Palmitoylation of inducible nitric-oxide synthase at Cys-3 is required for proper intracellular traffic and nitric oxide synthesis.

A number of cell types express inducible nitric-oxide synthase (NOS2) in response to exogenous insults such as bacterial lipopolysaccharide or proinflammatory cytokines. Although it has been known for some time that the N-terminal end of NOS2 suffers a post-translational modification, its exact identification has remained elusive. Using radioactive fatty acids, we show herein that NOS2 becomes thioacylated at Cys-3 with palmitic acid. Site-directed mutagenesis of this single residue results in the absence of the radiolabel incorporation. Acylation of NOS2 is completely indispensable for intracellular sorting and .NO synthesis. In fact, a C3S mutant of NOS2 is completely inactive and accumulates to intracellular membranes that almost totally co-localize with the Golgi marker beta-cop. Likewise, low concentrations of the palmitoylation blocking agents 2-Br-palmitate or 8-Br-palmitate severely affected the .NO synthesis of both NOS2 induced in muscular myotubes and transfected NOS2. However, unlike endothelial NOS, palmitoylation of inducible NOS is not involved in its targeting to caveolae. We have created 16 NOS2-GFP chimeras to inspect the effect of the neighboring residues of Cys-3 on the degree of palmitoylation. In this regard, the hydrophobic residue Pro-4 and the basic residue Lys-6 seem to be indispensable for palmitoylation. In addition, agents that block the endoplasmic reticulum to Golgi transit such as brefeldin A and monensin drastically reduced NOS2 activity leading to its accumulation in perinuclear areas. In summary, palmitoylation of NOS2 at Cys-3 is required for both its activity and proper intracellular localization.

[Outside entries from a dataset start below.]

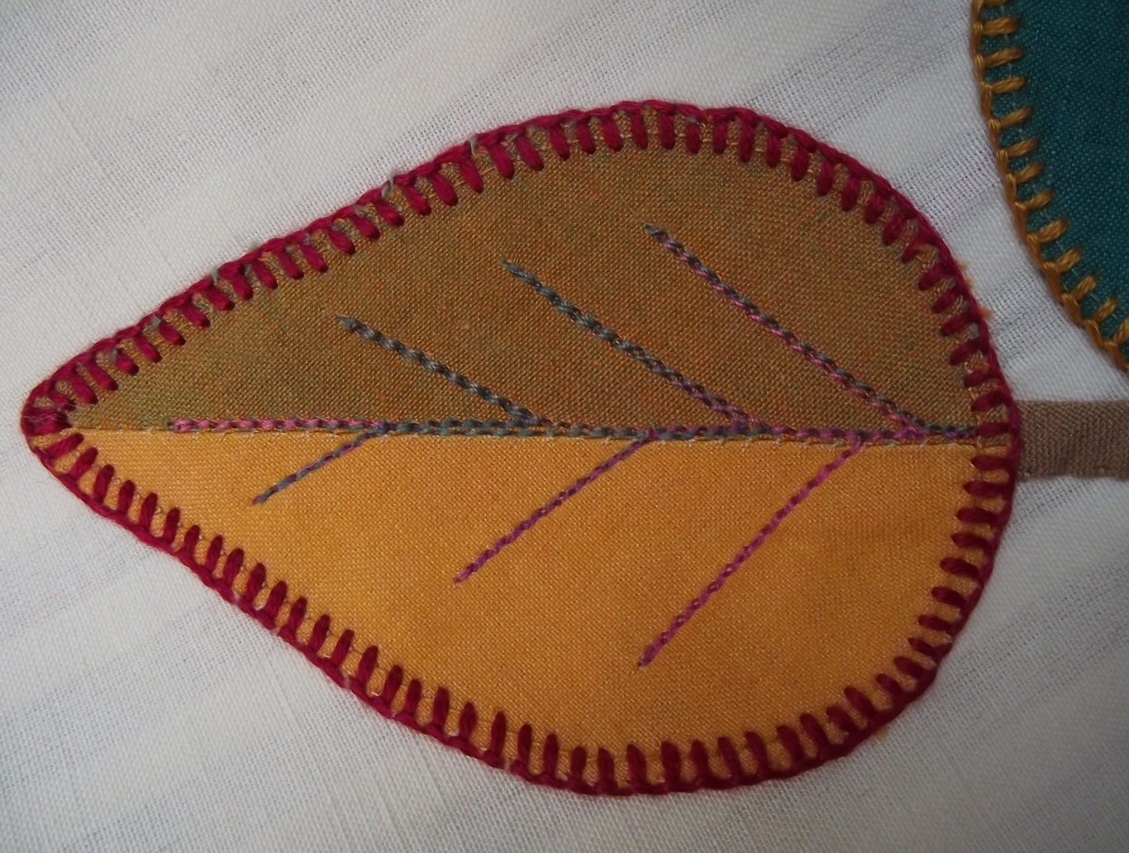 The first lot of stitching I did on this leaf had the bobbin thread showing in places, so I unpicked it and did it again once I had changed the shuttle. I am so glad I did.
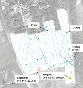 A l’instar des traces plus récentes, ce sont des indices d’exploitation agricole qui émergent. Le sud du site est ainsi parcouru par une série de fossés peu profonds, probables limites de champs ou d’enclos. Ils signalent la proximité d’une ferme des derniers siècles avant J.-C., repérée lors d’une fouille voisine en 2012.
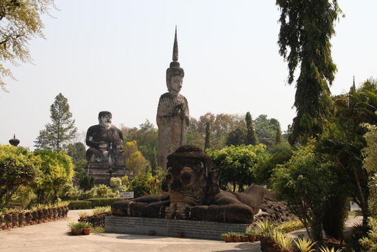 Zum Salakaewkoo, dem Skulpturenpark sind wir eine ganze Weile unterwegs und ich muss immer wieder einmal den Stadtplan zu Rate ziehen. Die Straßen sind teilweise recht stark befahren und ich schaue immer mit einem Auge im Rückspiegel nach Nell.
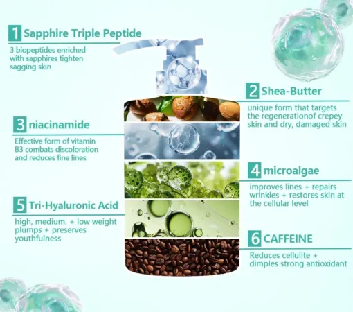 Our formula hinders the aging process by utilizing a potent peptide complex. It lifts your skin from neck to toe, minimizing creases and wrinkles for a smoother, more firm complexion. This advanced cream not only revitalizes your skin but also hydrates and plumps it, establishing a deep moisture barrier.

Induction of nitric oxide synthase-2 proceeds with the concomitant downregulation of the endogenous caveolin levels.

Several cell types express inducible nitric oxide synthase (NOS2) in response to exogenous insults such as bacterial lipopolysaccharide (LPS) or proinflammatory cytokines. For instance, muscular cells treated with LPS and interferon gamma (IFN-gamma) respond by increasing the mRNA and protein levels of NOS2, and synthesize large amounts of nitric oxide. We show here that transcriptional induction of NOS2 in muscular cells proceeds with a concomitant decrease in the levels of caveolin-1, -2 and -3. Addition of *NO-releasing compounds to C2C12 muscle cells reveals that this downregulation of the caveolin (cav) levels is due to the presence of *NO itself in the case of caveolin-3 and to the action of the LPS/IFN-gamma in the case of cav-1 and cav-2. Likewise, muscle cells obtained from NOS2(-/-) knockout mice challenged with LPS/IFN-gamma could downregulate their levels of cav-1 but not of cav-3, unlike wild-type animals, in which both cav-1 and cav-3 levels diminished in the presence of the proinflammatory insult. Laser confocal immunofluorescence analysis proves that *NO exerts autocrine and paracrine actions, hence diminishing the cav-3 levels. When the induced NOS2 was purified using an affinity resin or immunoprecipitated from muscular tissues, it appears strongly bound not only to calmodulin but also to cav-1, and marginally to cav-2 and cav-3. When the cav levels where reduced using antisense oligonucleotides, an increase in the NOS2-derived.NO levels could be measured, demonstrating the inhibitory role of the three cav isoforms. Our results show that cells expressing NOS2 diminish their cav levels when the synthesis of *NO is required.